I tried connecting a Ubiquiti ONT to a Calix OLT once, but couldn't get any combination of settings to make it work. The OLT saw the ONT, but we couldn't get packets to flow. (This was a test network, so no permissions issues or passwords to guess or anything. Just couldn't make a usable profile for the device. I will admit that I really didn't know what I was doing, I just saw one of the ONTs floating around on a Friday afternoon and poked it a bit.)
Wat? If PPPoE is running on the router, then how is the ONT meddling with TCP connections? Is PPPoE being run on the ONT rather than the router? I guess PPPoE isn't encrypted and the ONT could be deencapsulating and reencapsulating frames, but that seems unlikely?
That's weird! I don't know much about PPPoE but I wonder if it would be possible to mess with the framing so that the specific DPI/modification wouldn't work. Like add some nonstandard options to the header, and hope the ONT used fixed offsets for getting addresses.
Given that ONTs probably aren't subject to too much hardware security research, maybe it would be possible to hook up a debugger and NOP out the connection tracking hooks.

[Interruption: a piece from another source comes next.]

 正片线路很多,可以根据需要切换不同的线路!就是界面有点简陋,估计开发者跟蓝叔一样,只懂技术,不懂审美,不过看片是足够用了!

I was never happy with the performance of Calix CPE. We used them heavily at my last job, and indeed customers would have all sorts of trouble that we could never reproduce when we sent a tech. My favorite little hack was that I wanted live stats from the OLTs to be in our own database so that it could show up in our support portal and internal CRM and be aggregated for general network health statistics. (i.e. when someone went out to repair a fiber, they could instantly see the customers come back online, or more often... know while they were still out in the field that they didn't fix it) I wrote a program to scrape it (by ssh-ing in, thanks golang.org/x/crypto/ssh!, because their SOAP API returned no useful details), and after running for many days... it caused the OLT to stop routing packets entirely. No Internet routing, no management interface, it just flat out died unrecoverably. Anyway, they blamed my app, so I built them a static binary of the scraper that could run on Windows (they didn't have any Linux boxes) and after much back and forth they traced it down to a race condition between the two redundant processor modules in the OLT. So much whining how it was my fault, when it was their fault.

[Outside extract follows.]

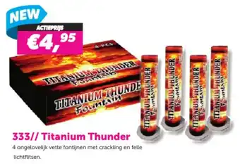 Neem een kijkje voor de goedkoopste producten tussen alle aanbiedingen! Als je wilt weten of Meester Vuurwerk de hoogste korting voor 333// Titanium Thunder heeft, vergelijk het op de Topic page of met andere winkels.

At the ISP before that we made our own CPE. The leads on that project really understood the Internet and managed to get reasonable latency, even over WiFi. But the incumbents still seem to not know about fq_codel, or how to put more than 4MB of RAM in their devices, and the users suffer as a result. This article reminded me of how mad it makes me, sorry for the rant. (I switched to a different industry where less lasers are involved.)
The CenturyLink CPE for DSL is pretty crap too. I had one that would reboot if you sent a fragmented IPv6 packet, among other problems like the web UI refusing to work if it was on long enough (thankfully EOL and they replaced it without much questions). The replacement didn't reboot, but I was seeing ping times go up to seconds, so I gave up and do PPPoE on my equipment now (I didn't want to ever run PPPoE cause it's stupid, but now I have to)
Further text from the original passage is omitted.